Otages encore aux mains du Hamas
«Gaza n'est plus Gaza», a témoigné pour l'AFP le ministre de la Culture de l'Autorité palestinienne, Atef Abou Seif, qui se trouvait à Gaza pour lancer la Journée du patrimoine palestinien lorsque la guerre entre Israël et le Hamas a éclaté. Il y est resté coincé 90 jours. La guerre a été déclenchée le 7 octobre quand des commandos du Hamas infiltrés depuis la bande de Gaza, où le mouvement a pris le pouvoir en 2007, ont mené dans le sud d'Israël une attaque qui a entraîné la mort de plus de 1.160 personnes, en majorité des civils, selon un décompte de l'AFP réalisé à partir de données officielles israéliennes.
Environ 250 personnes ont également été enlevées et emmenées à Gaza. Selon Israël, 132 otages sont toujours détenus sur place, dont 29 seraient morts. En représailles, Israël, qui considère le Hamas comme une organisation terroriste, tout comme les Etats-Unis et l'Union européenne, a juré de «détruire» ce groupe et a lancé une offensive qui a fait au moins 27'840 morts dans le territoire palestinien, en grande majorité des femmes, enfants et adolescents, selon le dernier bilan du ministère de la Santé du Hamas.

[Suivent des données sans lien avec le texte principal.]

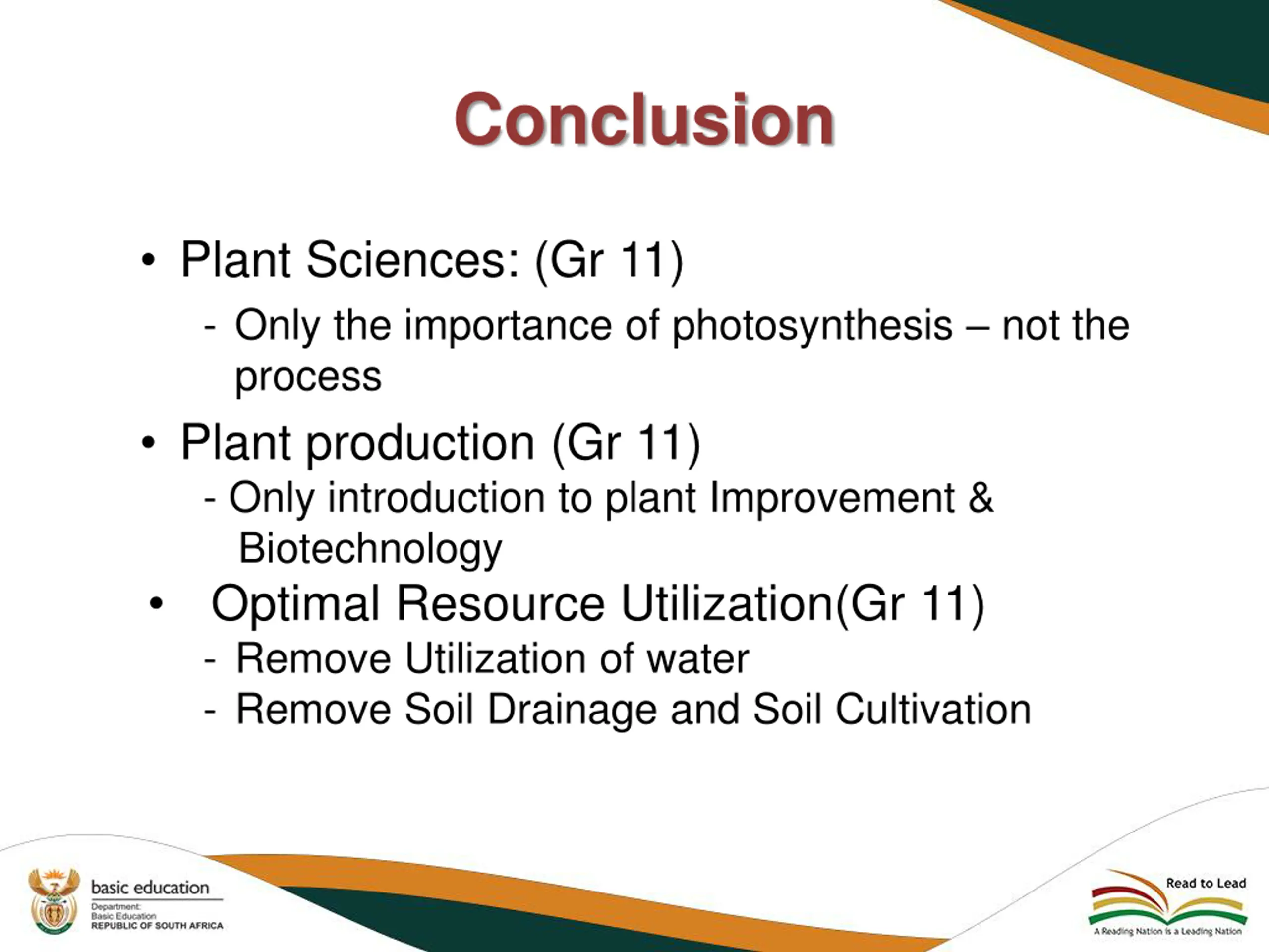 Conclusion Plant Sciences: (Gr 11) - Only the importance of photosynthesis not the process Plant production (Gr 11) - Only introduction to plant Improvement & Biotechnology Optimal Resource Utilization(Gr 11) - Remove Utilization of water - Remove Soil Drainage and Soil Cultivation

Au Caire, un «nouveau cycle de négociations», parrainé par l'Egypte et le Qatar avec la participation du Hamas, a débuté jeudi pour obtenir «le calme dans la bande de Gaza» ainsi qu'un échange de prisonniers palestiniens et d'otages, selon un responsable égyptien. Un accord avait permis fin novembre une pause d'une semaine dans les combats, l'acheminement de davantage d'aide à Gaza, la libération d'une centaine d'otages et de quelque 240 prisonniers palestiniens écroués en Israël. Cette fois, les pourparlers portent sur une trêve de plusieurs semaines.
Cessez-le-feu en négociation
«Nous nous attendons à des négociations très (...) difficiles, mais le Hamas est ouvert aux discussions et désireux d'arriver à un cessez-le-feu», a expliqué un responsable proche du Hamas. L'Arabie saoudite a reçu jeudi des chefs de la diplomatie du Qatar, de l'Egypte, de la Jordanie, des émirats, ainsi que Hussein al-Sheikh, ténor de l'Autorité palestinienne (AP) de Mahmoud Abbas, rival politique du Hamas, pour des «consultations» sur la situation à Gaza.
Selon l'agence saoudienne SPA, ces hauts responsables ont appelé à un «cessez-le-feu immédiat et total à Gaza» et ont appelé à des mesures «irréversibles» en vue de la création d'un Etat palestinien indépendant. Le chef de la diplomatie iranienne, Hossein Amir-Abdollahian, dont le pays mène un «axe de la résistance» contre Israël, incluant le Hamas, le Hezbollah et les Houthis, est lui attendu vendredi au Liban.